Video yükleniyor...

Video Yüklenemedi

Bu video yüklenirken bir sorun oluştu. Bu geçici bir ağ sorunundan kaynaklanıyor olabilir veya video kullanılamıyor olabilir.

Ana Sayfaya Dön

Chain-of-thought reasoning is a powerful tool to enable language models to work through complex problems. Can we use this with robots? With embodied chain-of-thought, vision-language-action (VLA) models can think through perception and planning! A 🧵👇

Sergey Levine

119,919 subscribers

30,388 görüntüleme • 2 yıl önce •via X (Twitter)

Eğitim Bilim & Teknoloji Haberler & Politika

Anya Rossi• Live Now

Private livecam show

9 Yorum

Sergey Levine profil fotoğrafı

Sergey Levine2 yıl önce

Embodied chain of thought allows the VLA (in this case, a finetuned OpenVLA model) to work through a complex task by reasoning over subtasks, detecting objects, and making step-by-step plans. When generating an action, the VLA works through these steps automatically.

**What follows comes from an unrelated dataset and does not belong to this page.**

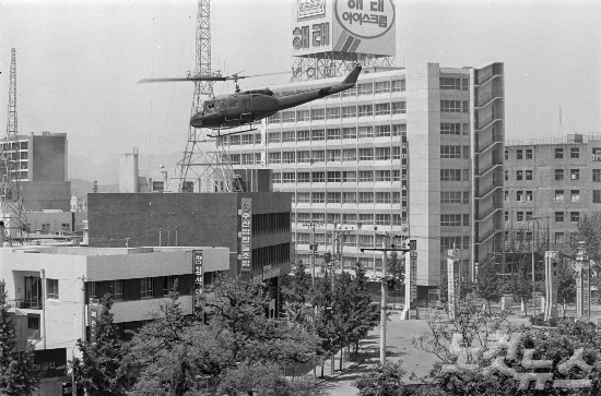 80년 5.18 당시 군 헬기가 전일빌딩 주변을 비행하고 있다. (사진=5.18기념재단 제공)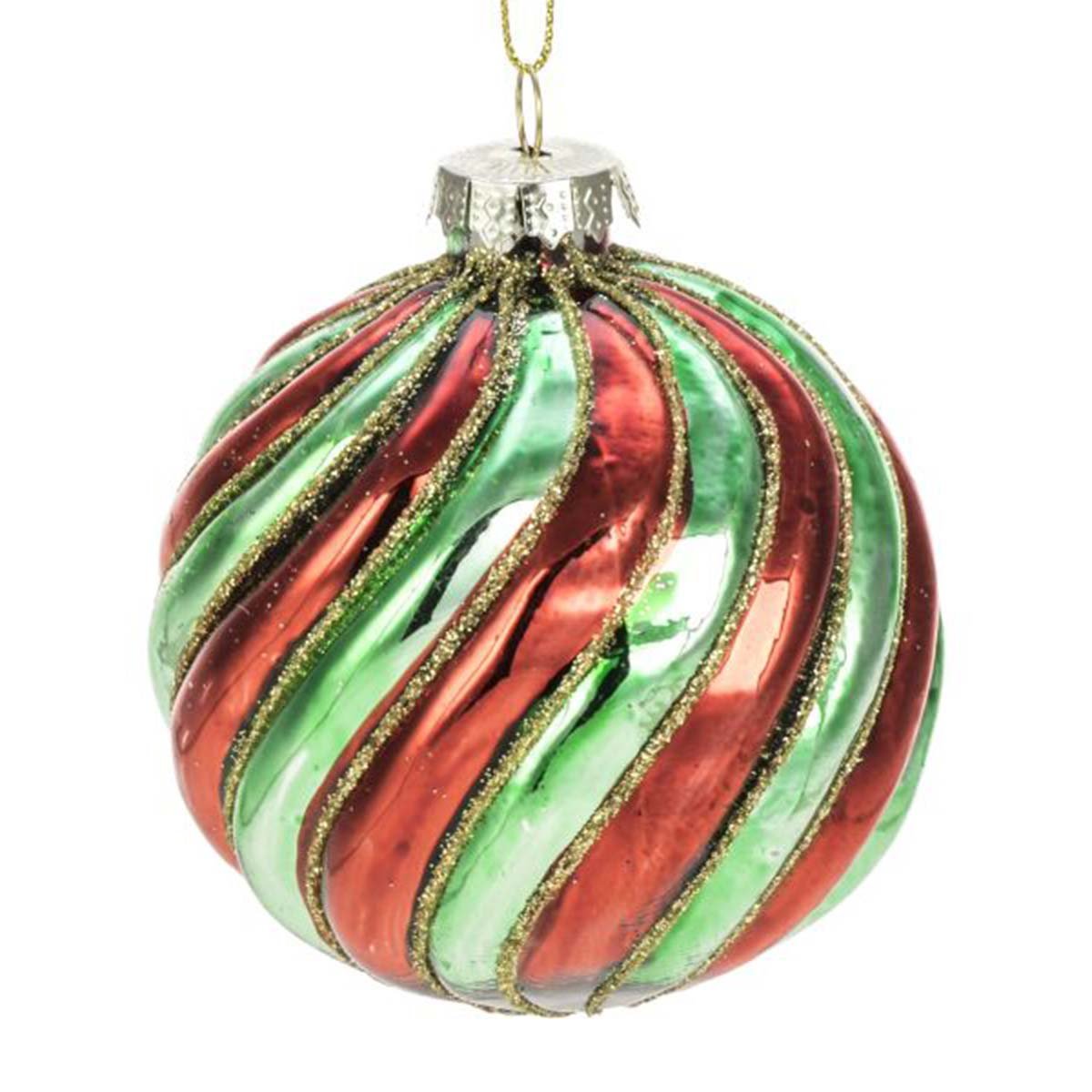 Dekorera upp julgranen med en riktigt julig julgranskula i julens härligaste färger, rött, grönt och guld. De guldiga detaljerna är i glitter och påminner om julgransglitter tillsammans med de härliga grön/röda färgerna som skriker jul. Denna randiga julgranskula är av glas och skimrar extra fint i julgranens belysning.

Sergey Levine profil fotoğrafı

Sergey Levine2 yıl önce

How do we train OpenVLA for embodied chain of thought? We distill a variety of other foundation models, such as Gemini and Grounding DINO, into synthetic examples that can teach the VLA to perform embodied chain of thought.

Sergey Levine profil fotoğrafı

Sergey Levine2 yıl önce

The resulting model can solve complex tasks that require multi stage inferences. It can generalize more effectively to novel objects, perform longer tasks, and understand sophisticated instructions.

Sergey Levine profil fotoğrafı

Sergey Levine2 yıl önce

The resulting VLA can even interpret human corrections and interventions, incorporating them as corrections into the embodied chain of thought process!

Sergey Levine profil fotoğrafı

Sergey Levine2 yıl önce

While our main experiments use the Bridge v2 setup: We also tested on a variety of other embodiments from OXE:

Sergey Levine profil fotoğrafı

Sergey Levine2 yıl önce

This was a really fun collaboration with @MiZawalski, @verityw_, @KarlPertsch, @oier_mees, @chelseabfinn Website: Paper:

Sergey Levine profil fotoğrafı

Sergey Levine2 yıl önce

For more, check out these posts by Michal and Will:

Alex 📚 PromptLeo profil fotoğrafı

Alex 📚 PromptLeo2 yıl önce

Thanks for sharing 👍 How do you create videos like these?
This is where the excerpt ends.